Set down the entries below exactly; drop the pictures.

(Stored items from a collection)
- - -

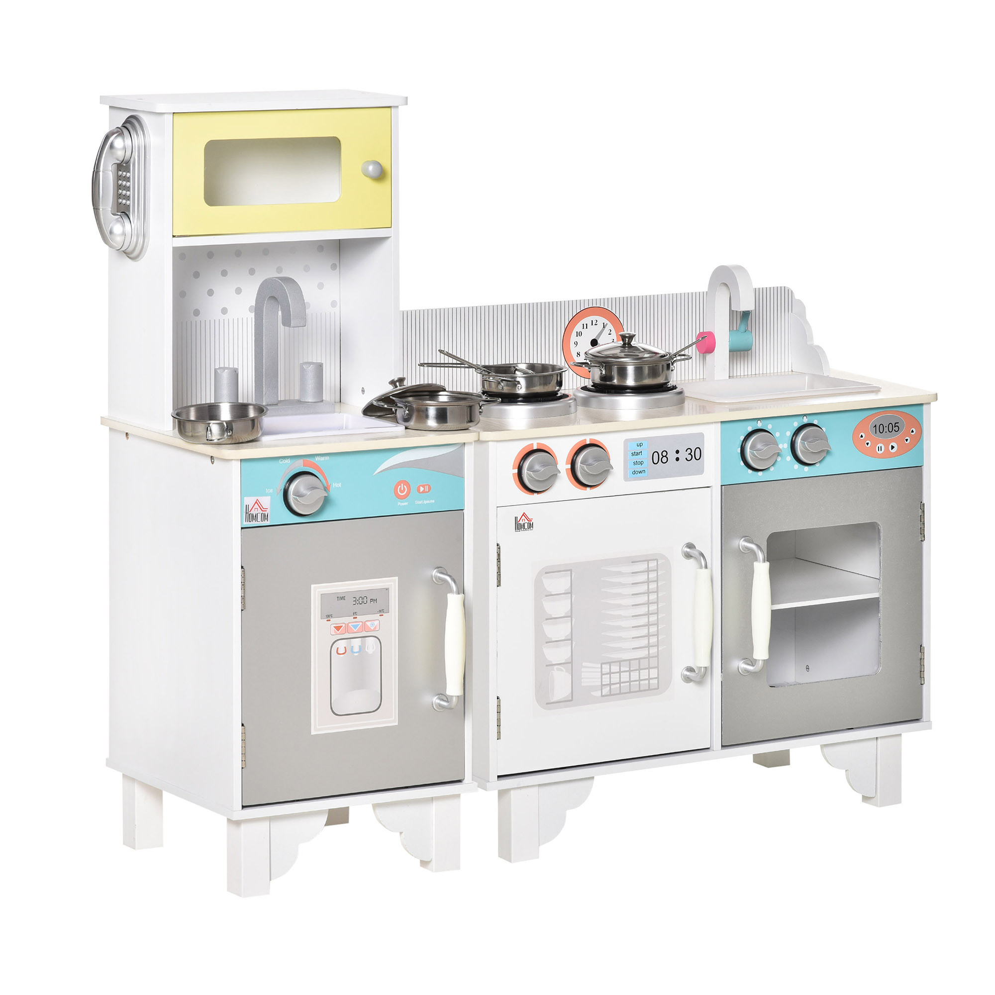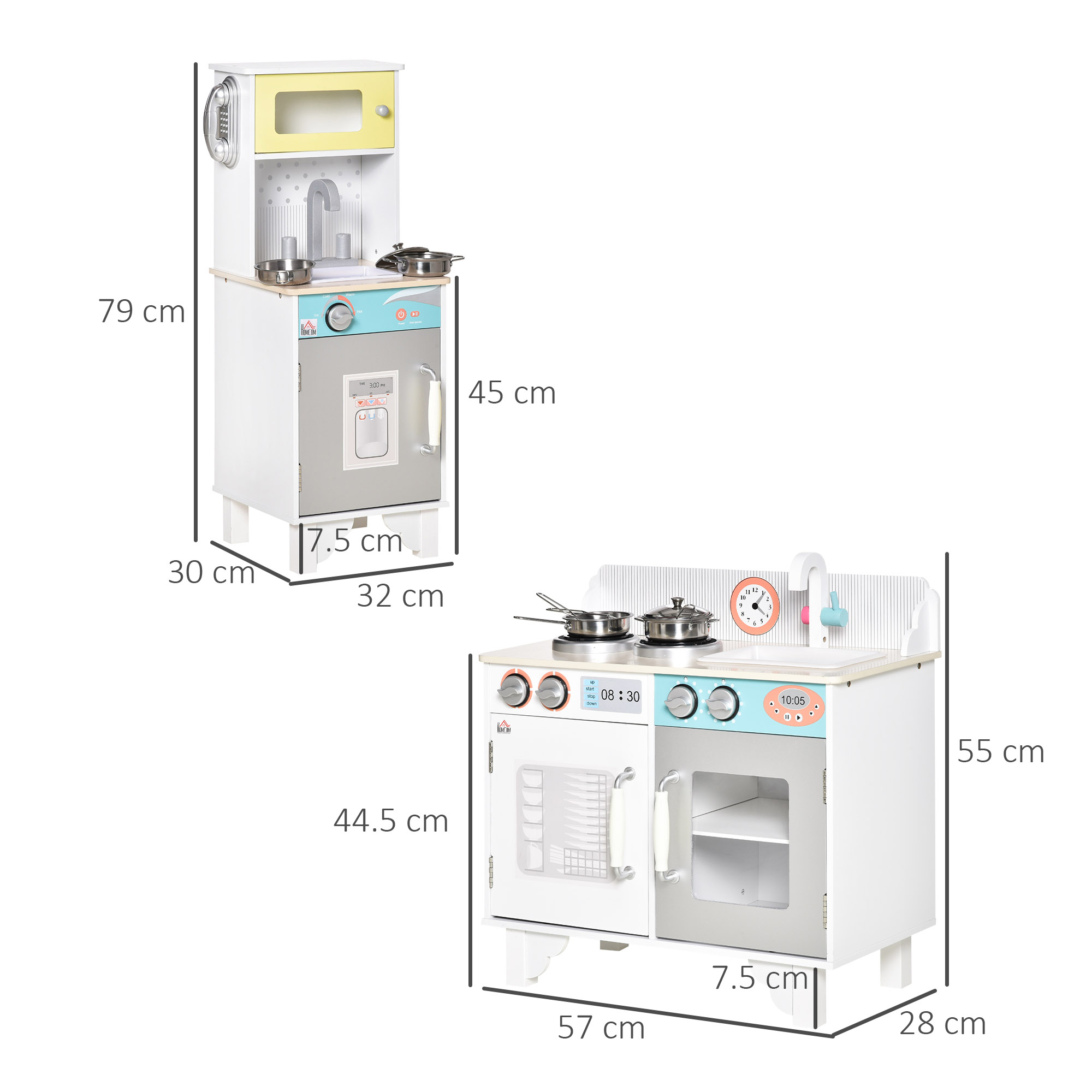 Playtime just got a lot better, thanks to 2 sets kids kitchen play toy from HOMCOM. Imagination can run wild as they use the sink, cooking bench, stainless pots and more. Turn the faucet and temperature dials to get their make-believe cooking underway. When playtime's over, store the accessories in the cabinets or storage basket, keeping your room tidy. Don't worry about getting the set messy, which is made from MDF, it's easy to clean.
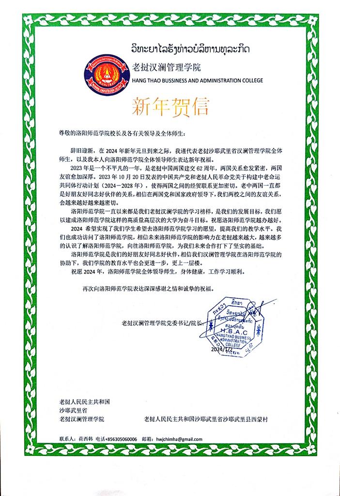 在2024年元旦之际,老挝汉澜管理学院党委书记、院长西潘·占塔佩代表老挝汉澜管理学院全体师生向米兰app官方端网站入口发来新年贺信,对全体师生致以新年祝福。西潘·占塔佩在信中提到:2023年是不平凡的一年,是两国建交62周年,两国关系愈发紧密,友谊愈加深厚。2023年10月20日发表的《关于构建中老命运共同体行动计划(2024-2028年)》,使得两国之间的经贸联系更加密切。我们成功访问了米兰app官方端网站入口,米兰app官方端网站入口的影响力在老挝越来越大。2024年希望实现我们学生去米兰app官方端网站入口学习的愿望,为我们未来的合作打下基础。米兰app官方端网站入口是我们的好朋友好同志好伙伴,相信汉澜管理学院在米兰app官方端网站入口的协助下,教育水平会更上一层楼。西潘·占塔佩祝愿,2024年米兰app官方端网站入口全体领导师生,身体健康,工作学习顺利。
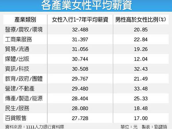 各產業女性平均薪資
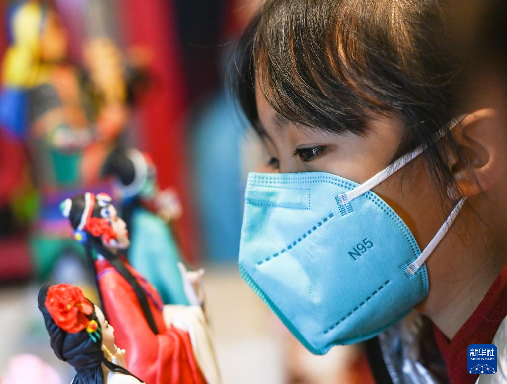 一位小游客在非遗大集上的曹州面人摊位前驻足(2月17日摄)。
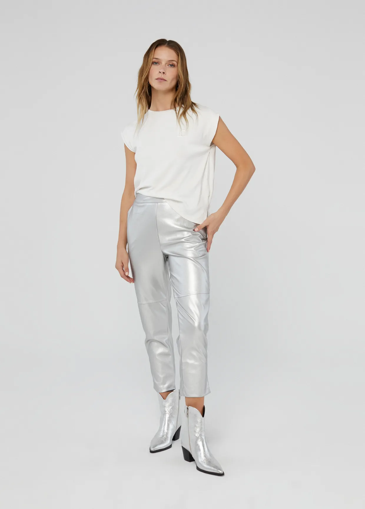 Pantalón plateado en efecto piel. Bolsillos y cremallera lateral.
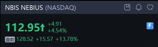 NEBIUS 大涨近14%。Meta计划在未来五年内向NEBIUS投入高达270亿美元的资金。
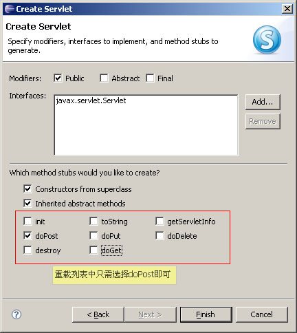 下一步選擇新建的類的屬性,通常選擇默認即可。 不過我們的Servlet只需要處理POST方法,所以下方的重載列表中只需選擇doPost即可。
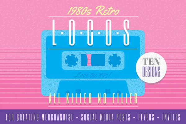 Wenn die Leute an die 1980er denken, denken sie an die Musik, die Kleidung und die Fernsehsendungen. Mit dem 1980er-Retro-Logo-Design-Kit von Wing’s Art and Design können Sie Ihr inneres Miami Vice mit einer Sammlung von 10 vollständig anpassbaren Logos kanalisieren, die von Themen aus den 1980er Jahren inspiriert wurden.
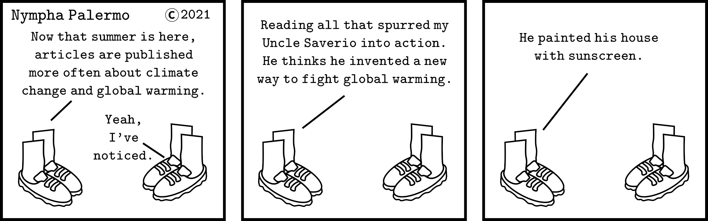 A solar geoengineering themed cartoon. I wrote about how sunlight-reflecting paint can mitigate excess heating of buildings and vehicles in two previous articles,
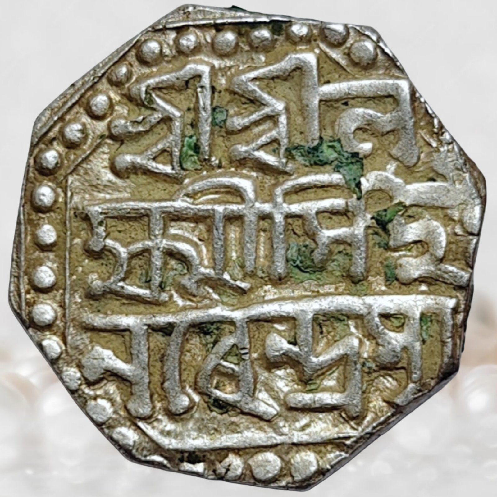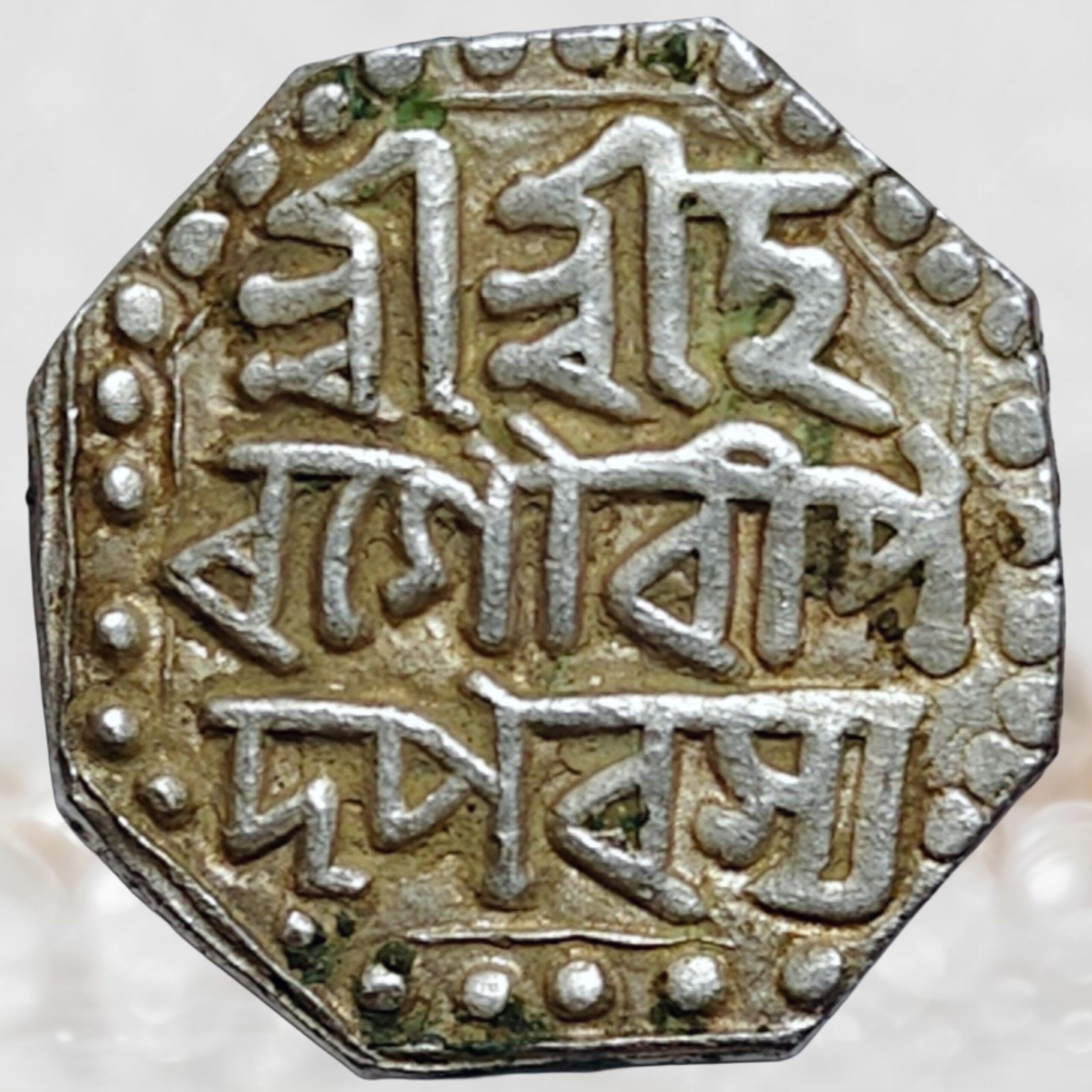 The coin belongs to the reign of Lakshmi Singha of the Ahom dynasty, ruling Assam during 1769–1780 CE, a period marked by political unrest and internal rebellion. The Ahom kingdom, which had ruled Assam for centuries, was facing Moamoria rebellion, one of the most serious uprisings that weakened central authority. Despite instability, the Ahom rulers continued to assert sovereign control and regional identity, maintaining administrative and monetary systems. This period reflects the resilience of the kingdom before eventual decline and later Burmese invasions in the early 19th century.

- - -

Answer box —
 Playtime just got a lot better, thanks to 2 sets kids kitchen play toy from HOMCOM. Imagination can run wild as they use the sink, cooking bench, stainless pots and more. Turn the faucet and temperature dials to get their make-believe cooking underway. When playtime's over, store the accessories in the cabinets or storage basket, keeping your room tidy. Don't worry about getting the set messy, which is made from MDF, it's easy to clean.
 在2024年元旦之际,老挝汉澜管理学院党委书记、院长西潘·占塔佩代表老挝汉澜管理学院全体师生向米兰app官方端网站入口发来新年贺信,对全体师生致以新年祝福。西潘·占塔佩在信中提到:2023年是不平凡的一年,是两国建交62周年,两国关系愈发紧密,友谊愈加深厚。2023年10月20日发表的《关于构建中老命运共同体行动计划(2024-2028年)》,使得两国之间的经贸联系更加密切。我们成功访问了米兰app官方端网站入口,米兰app官方端网站入口的影响力在老挝越来越大。2024年希望实现我们学生去米兰app官方端网站入口学习的愿望,为我们未来的合作打下基础。米兰app官方端网站入口是我们的好朋友好同志好伙伴,相信汉澜管理学院在米兰app官方端网站入口的协助下,教育水平会更上一层楼。西潘·占塔佩祝愿,2024年米兰app官方端网站入口全体领导师生,身体健康,工作学习顺利。
 各產業女性平均薪資
 一位小游客在非遗大集上的曹州面人摊位前驻足(2月17日摄)。
 Pantalón plateado en efecto piel. Bolsillos y cremallera lateral.
 NEBIUS 大涨近14%。Meta计划在未来五年内向NEBIUS投入高达270亿美元的资金。
 下一步選擇新建的類的屬性,通常選擇默認即可。 不過我們的Servlet只需要處理POST方法,所以下方的重載列表中只需選擇doPost即可。
 Wenn die Leute an die 1980er denken, denken sie an die Musik, die Kleidung und die Fernsehsendungen. Mit dem 1980er-Retro-Logo-Design-Kit von Wing’s Art and Design können Sie Ihr inneres Miami Vice mit einer Sammlung von 10 vollständig anpassbaren Logos kanalisieren, die von Themen aus den 1980er Jahren inspiriert wurden.
 A solar geoengineering themed cartoon. I wrote about how sunlight-reflecting paint can mitigate excess heating of buildings and vehicles in two previous articles,
 The coin belongs to the reign of Lakshmi Singha of the Ahom dynasty, ruling Assam during 1769–1780 CE, a period marked by political unrest and internal rebellion. The Ahom kingdom, which had ruled Assam for centuries, was facing Moamoria rebellion, one of the most serious uprisings that weakened central authority. Despite instability, the Ahom rulers continued to assert sovereign control and regional identity, maintaining administrative and monetary systems. This period reflects the resilience of the kingdom before eventual decline and later Burmese invasions in the early 19th century.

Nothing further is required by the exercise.